Published online by Cambridge University Press: 23 February 2016
Within the online media universe, there are many underlying communities. These may be defined, for example, through politics, location, health, occupation, extracurricular interests or retail habits. Government departments, charities and commercial organisations can benefit greatly from insights about the structure of these communities; the move to customer-centred practices requires knowledge of the customer base. Motivated by this issue, we address the fundamental question of whether a sub-network looks like a collection of individuals who have effectively been picked at random from the whole, or instead forms a distinctive community with a new, discernible structure.
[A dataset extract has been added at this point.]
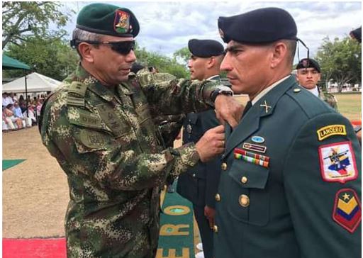 Sargento primero del Ejército en retiro Mauricio Javier Romero, mercenario colombiano que fue abatido en Haití. Aquí es condecorado en Colombia por sus grandes servicios de criminalidad contrainsurgente.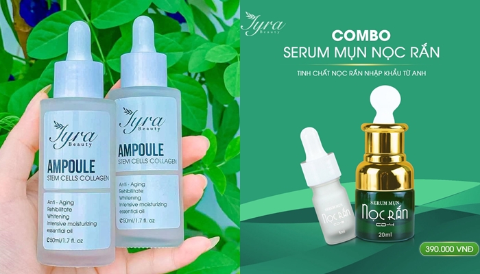 Bộ đôi trị mụn nọc rắn và tế bào gốc nhau thai cừu: Serum Mụn Nọc Rắn xóa bỏ các loại mụn trứng cá và tái tạo da mới. Kết hợp với Tế bào gốc Ampoule Tyra nhau thai cừu Collagen tinh dầu bơ để cấp ẩm, làm mềm da, thúc đẩy sản sinh tế bào mới nhanh hơn và giúp làn da mịn màng, khỏe khoắn.

In the former case, to spread a message to the intended user base it may be best to use traditional broadcast media (TV, billboard), whereas in the latter case a more targeted approach could be more effective. In this work, we therefore formalise a concept of testing for sub-structure and apply it to social interaction data. First, we develop a statistical test to determine whether a given sub-network (induced sub-graph) is likely to have been generated by sampling nodes from the full network uniformly at random. This tackles an interesting inverse alternative to the more widely studied “forward” problem. We then apply the test to a Twitter reciprocated mentions network where a range of brand name based sub-networks are created via tweet content. We correlate the computed results against the independent views of 16 digital marketing professionals. We conclude that there is great potential for social media based analytics to quantify, compare and interpret online brand allegiances systematically, in real time and at large scale.
Submitted to the European Journal of Applied Mathematics, Special Issue on Networks.